Before releasing a real reranker:

One attractive mistake is caching a reranker result without its source version. If api-token-legacy-v2-rule changes, a cached score for an older chunk can keep stale evidence at rank 1. Key caches and traces by chunk checksum or policy version, then rerun golden traces after source updates.

Mastery check

You're ready to add a reranker to a production RAG pipeline when you can:

• Preserve authorization and freshness filtering before any pair scoring.
• Explain why first-stage recall and final evidence order need separate gates.
• Compare bi-encoder retrieval, cross-encoder reranking, and ColBERT-style late interaction.
• Measure ordering improvement with MRR or NDCG inside the context budget.
• Choose candidate count using candidate recall and measured end-to-end latency.
• Emit a trace suitable for downstream faithfulness and citation evaluation.

Evaluation rubric

Follow-up questions

Common pitfalls

Reranking is used to hide recall failure

• Symptom: Teams swap reranker models, but a gold policy chunk never appears in final context.
• Cause: First-stage retrieval did not include the chunk in its candidate set.
• Fix: Gate on Recall@candidate_k first, then evaluate ordering only on candidate sets that contain the answer.

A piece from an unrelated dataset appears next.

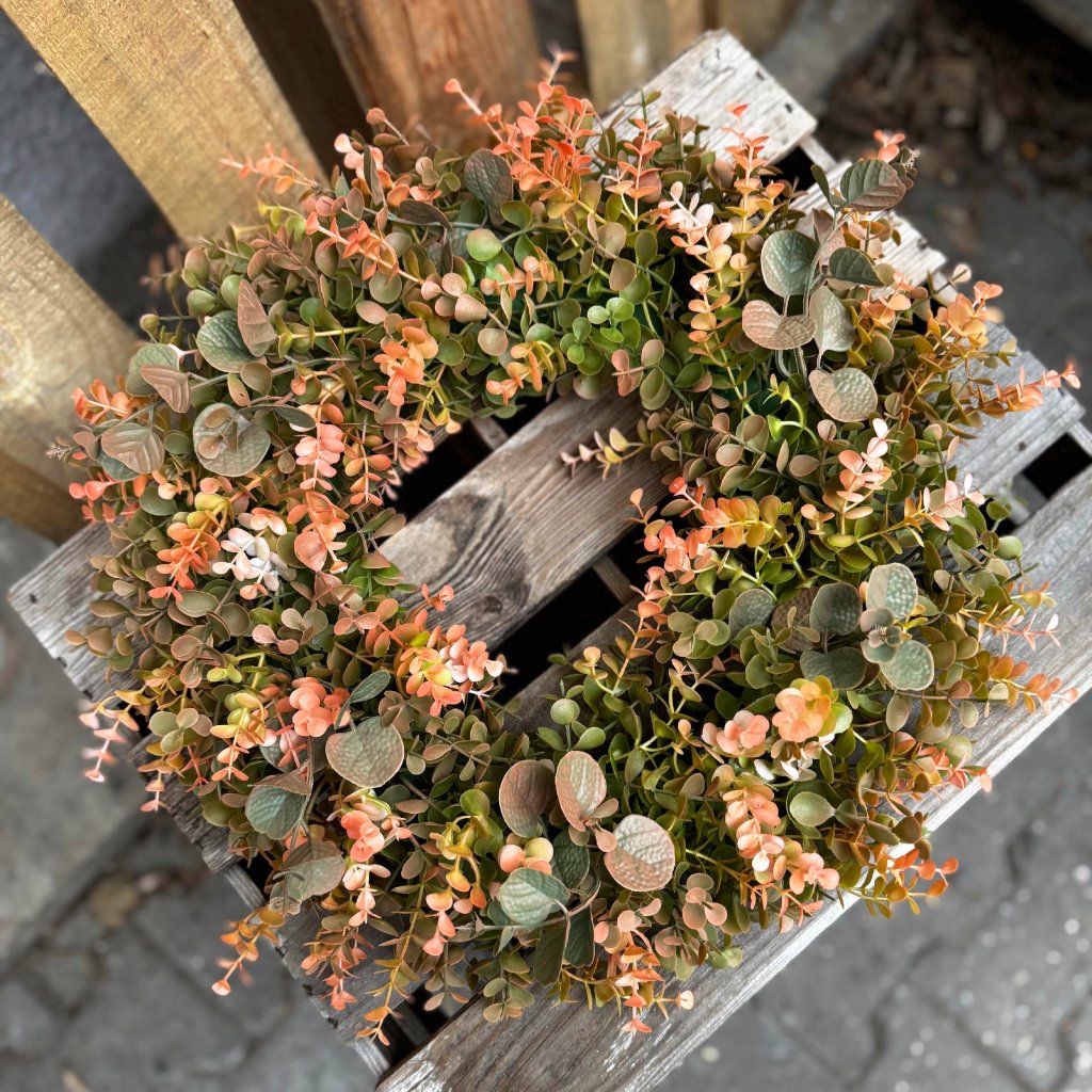 Exkluzívny veniec z eukalyptu v nežných marhuľových a zelených tónoch prináša do priestoru pocit prirodzenej harmónie a nadčasovej elegancie. Jemne tónované lístky s realistickou textúrou vytvárajú bohatý, vyvážený vzhľad, ktorý pôsobí luxusne a zároveň veľmi prirodzene. Precízne spracovanie z kvalitného umelého materiálu zaručuje dlhú životnosť, stálofarebnosť a úplnú bezúdržbovosť.

Candidate count grows without a serving measurement

• Symptom: Ordering metrics improve while request latency exceeds the product budget.
• Cause: Each additional cross-encoder pair consumes request-time inference.
• Fix: Benchmark p95 latency by candidate count and input length, then choose the smallest candidate set that clears recall and ordering gates.

Evidence order improves but grounding remains untested

• Symptom: NDCG rises, but users still receive unsupported answers.
• Cause: Reranking evaluates selected context, not whether generation follows it.
• Fix: Carry the reranking trace into answer faithfulness and citation checks in the next evaluation stage.